Xavier Freixas , director of the Master's Degree in Finance and Banking
On October 19, the United States stock market regulatory body, the Security Exchange Commission (SEC), authorized the first Bitcoin ETF in history. Previously, the Chicago Mercantile Exchange had opened a Bitcoin futures market. All this, while, at the beginning of September, the self-proclaimed Emperor of El Salvador decided to give legal tender to Bitcoin and, at the end of the same month, the People's Bank of China announced the prohibition of all operations in virtual currencies. As I write this article, the price of Bitcoin is at € 54,003.36, and when you read it the price will be totally different. Since its launch, the price of a Bitcoin has risen dramatically, but with dizzying volatility, ranging from losses of 74% to gains of 305%. With the legitimacy conferred by being a form of investment recognized by the SEC, Bitcoin with the mathematical elegance underlying blockchain technology now seems to enter a phase of maturity, almost 13 years after its creation.

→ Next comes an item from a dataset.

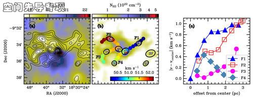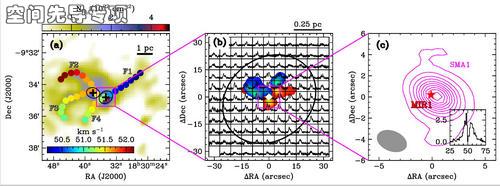 (a)纤维状结构上的速度分布(彩色实心圆点)。背景为柱密度分布。(b)致密团块C1的13CO (3-2) 谱线轮廓分布。红色和蓝色背景为SMA观测揭示的外向流。(c)SMA观测揭示的小尺度云核。中心五角心标识了正在增长质量的大质量原恒星。右下角插图中展示了最中心的13CO (2-1) 谱线。
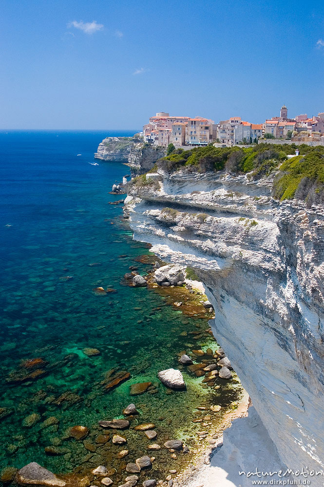 Kreidefelsen von Bonifacio, Häuser am Klippenrand über dem Meer Korsika, Frankreich

I'm surprised to see that some mutual funds have now started investing in Bitcoin. A priori, this decision could be justified by the high historical profitability of the cryptocurrency combined with the little correlation that its variations have with the stock market. These characteristics make Bitcoin attractive, following the criteria of Markowitz, whose research earned him the Nobel Prize in economics in 1990, since it would allow increasing the profitability of a portfolio without increasing its risk. However, historical returns do not predict future returns, and in the case of Bitcoin, as we are going to see, future performance is particularly difficult to predict.
Let's analyze the investment in Bitcoin from the perspective of the so-called value investment, by Benjamin Graham and Warren Buffet , and ask ourselves what is the business model? What added economic value is generated? What is the company's strategy on environmental, social, and governance issues? What defenses does the company have against potential competition?
Investing in Bitcoin is more like investing in philately, where we invest in a small piece of paper in the hope that others will be willing to pay more for it in the future
Let's start with the business model. If I buy a BBVA share, I buy a part of its profits, and for every euro invested I will obtain future profits that today I estimate at € 0.17 per year. Investing in Bitcoin, on the other hand, does not produce any profit, and this is the reason why it is difficult to predict the future evolution of its price. Economic value added, profit margin and EBITDA are also zero. Thus, from this point of view, investing in Bitcoin is more like investing in philately, where we invest in a small piece of paper in the hope that others will be willing to pay more for it in the future. The possibility of analyzing the dividend policy is not even considered. Ultimately, if we are based on discounted future dividends, the intrinsic value of Bitcoin is zero. In order for its price to increase, new investors must enter, as in a typical pyramid scheme.
If we examine the ESG criteria to determine the implications for environmental, social and governance issues, the outlook is bleak. First of all, Bitcoin is the currency per excellence of the deep web that is used to pay ransoms from kidnappings, and for more or less organized crime, money laundering, terrorist financing and tax evasion.
Second, it is an ecological catastrophe. To validate transactions, it is necessary for the so-called miners, acting in a decentralized way, to proceed to solve a mathematical problem whose complexity increases over time. The process requires power-consuming supercomputers, both for the computer and for cooling. In the case of Bitcoin, the process involved an annual consumption of 144.28 TWH (Terawatt hours), 0.66% of the energy produced on the planet, equivalent to the electricity consumption of Switzerland. Not surprisingly, then, Tesla CEO Elon Musk eventually distanced himself from Bitcoin trading.
The intrinsic value of Bitcoin is zero. In order for its price to increase, new investors must enter, as in a typical pyramid scheme.
Finally, as for possibles barriers to entry that limit competition, although it is currently estimated that Bitcoin has almost 90% of the market, there is no clear advantage of Bitcoin over its competitors, with the exception, of course, of the liquidity associated with it. volume of Bitcoin in "circulation". Let us remember that there are some 6,000 cryptocurrencies in the world and, although many of them may correspond to scams of the "take the money and run" type, the Ethereum platform, which issues the cryptocurrency Ether, sometimes called "the little sister of Bitcoin", allows, in addition to carrying out transactions, managing smart contracts.
In short, the well-known aphorism of Warren buffet “only when the tide goes out we know who was swimming naked” perfectly sums up the investment decision. If we buy Bitcoin we can make money, but the day the tide goes out we can lose all the accumulated capital. With cryptocurrencies we stopped investing in the stock market to speculate.